Problem statement = Leave the pictures out. Retype exactly the lines below from the one containing "此次展示的這100件織錦中,其中半數(s" through the one containing "Eine moderne Save", and no others.

Supplied records =
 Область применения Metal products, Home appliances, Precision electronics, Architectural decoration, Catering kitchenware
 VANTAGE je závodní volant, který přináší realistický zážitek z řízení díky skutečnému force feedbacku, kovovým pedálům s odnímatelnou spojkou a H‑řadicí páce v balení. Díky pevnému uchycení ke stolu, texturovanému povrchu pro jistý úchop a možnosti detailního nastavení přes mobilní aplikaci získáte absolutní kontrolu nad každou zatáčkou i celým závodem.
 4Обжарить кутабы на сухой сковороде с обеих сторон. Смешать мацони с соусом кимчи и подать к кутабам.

==

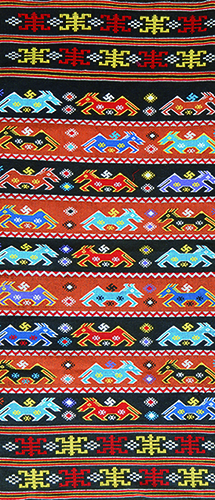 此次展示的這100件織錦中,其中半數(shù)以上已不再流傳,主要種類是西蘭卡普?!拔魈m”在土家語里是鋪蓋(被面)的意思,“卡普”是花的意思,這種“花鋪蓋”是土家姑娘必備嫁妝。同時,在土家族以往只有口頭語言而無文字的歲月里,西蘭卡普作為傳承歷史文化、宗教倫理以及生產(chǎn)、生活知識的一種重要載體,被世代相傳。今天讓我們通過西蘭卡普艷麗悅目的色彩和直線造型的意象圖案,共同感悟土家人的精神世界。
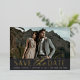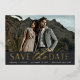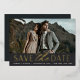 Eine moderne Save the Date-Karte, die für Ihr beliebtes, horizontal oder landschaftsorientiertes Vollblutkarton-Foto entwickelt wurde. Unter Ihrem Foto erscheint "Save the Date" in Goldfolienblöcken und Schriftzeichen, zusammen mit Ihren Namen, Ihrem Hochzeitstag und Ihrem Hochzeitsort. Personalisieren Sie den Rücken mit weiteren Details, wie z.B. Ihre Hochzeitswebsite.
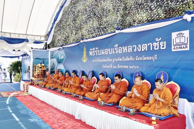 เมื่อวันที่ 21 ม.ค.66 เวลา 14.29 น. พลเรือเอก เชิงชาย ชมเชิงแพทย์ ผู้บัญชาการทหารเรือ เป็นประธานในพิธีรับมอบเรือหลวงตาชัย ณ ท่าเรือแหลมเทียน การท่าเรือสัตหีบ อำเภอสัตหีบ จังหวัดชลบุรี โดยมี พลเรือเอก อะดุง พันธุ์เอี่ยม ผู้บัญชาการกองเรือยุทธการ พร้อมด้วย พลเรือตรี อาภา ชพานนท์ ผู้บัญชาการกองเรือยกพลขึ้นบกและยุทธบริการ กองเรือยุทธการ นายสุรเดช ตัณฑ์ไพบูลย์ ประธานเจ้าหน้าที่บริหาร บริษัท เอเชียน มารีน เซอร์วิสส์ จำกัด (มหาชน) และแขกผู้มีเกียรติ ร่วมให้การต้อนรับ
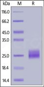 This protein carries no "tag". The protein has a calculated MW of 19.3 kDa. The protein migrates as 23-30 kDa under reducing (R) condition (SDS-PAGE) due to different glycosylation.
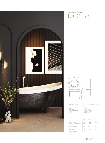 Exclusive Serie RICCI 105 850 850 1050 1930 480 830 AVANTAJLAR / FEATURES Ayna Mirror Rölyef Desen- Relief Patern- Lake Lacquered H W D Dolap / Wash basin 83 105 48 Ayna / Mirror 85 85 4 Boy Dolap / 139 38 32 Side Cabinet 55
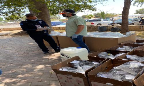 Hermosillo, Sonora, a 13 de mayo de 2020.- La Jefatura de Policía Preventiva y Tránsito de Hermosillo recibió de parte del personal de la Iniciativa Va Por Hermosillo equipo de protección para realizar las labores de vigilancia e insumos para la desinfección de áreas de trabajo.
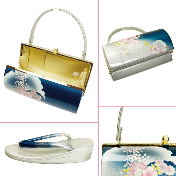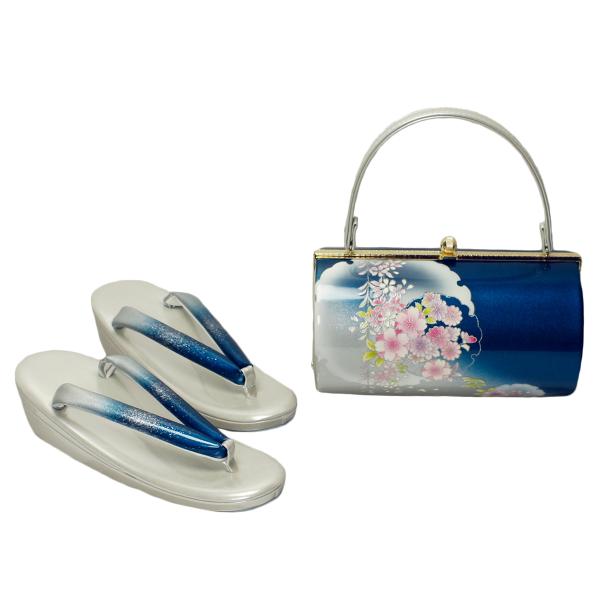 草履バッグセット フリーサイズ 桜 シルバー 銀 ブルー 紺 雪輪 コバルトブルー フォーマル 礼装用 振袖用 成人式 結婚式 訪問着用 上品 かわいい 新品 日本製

Task answer =
 此次展示的這100件織錦中,其中半數(shù)以上已不再流傳,主要種類是西蘭卡普?!拔魈m”在土家語里是鋪蓋(被面)的意思,“卡普”是花的意思,這種“花鋪蓋”是土家姑娘必備嫁妝。同時,在土家族以往只有口頭語言而無文字的歲月里,西蘭卡普作為傳承歷史文化、宗教倫理以及生產(chǎn)、生活知識的一種重要載體,被世代相傳。今天讓我們通過西蘭卡普艷麗悅目的色彩和直線造型的意象圖案,共同感悟土家人的精神世界。
 Eine moderne Save the Date-Karte, die für Ihr beliebtes, horizontal oder landschaftsorientiertes Vollblutkarton-Foto entwickelt wurde. Unter Ihrem Foto erscheint "Save the Date" in Goldfolienblöcken und Schriftzeichen, zusammen mit Ihren Namen, Ihrem Hochzeitstag und Ihrem Hochzeitsort. Personalisieren Sie den Rücken mit weiteren Details, wie z.B. Ihre Hochzeitswebsite.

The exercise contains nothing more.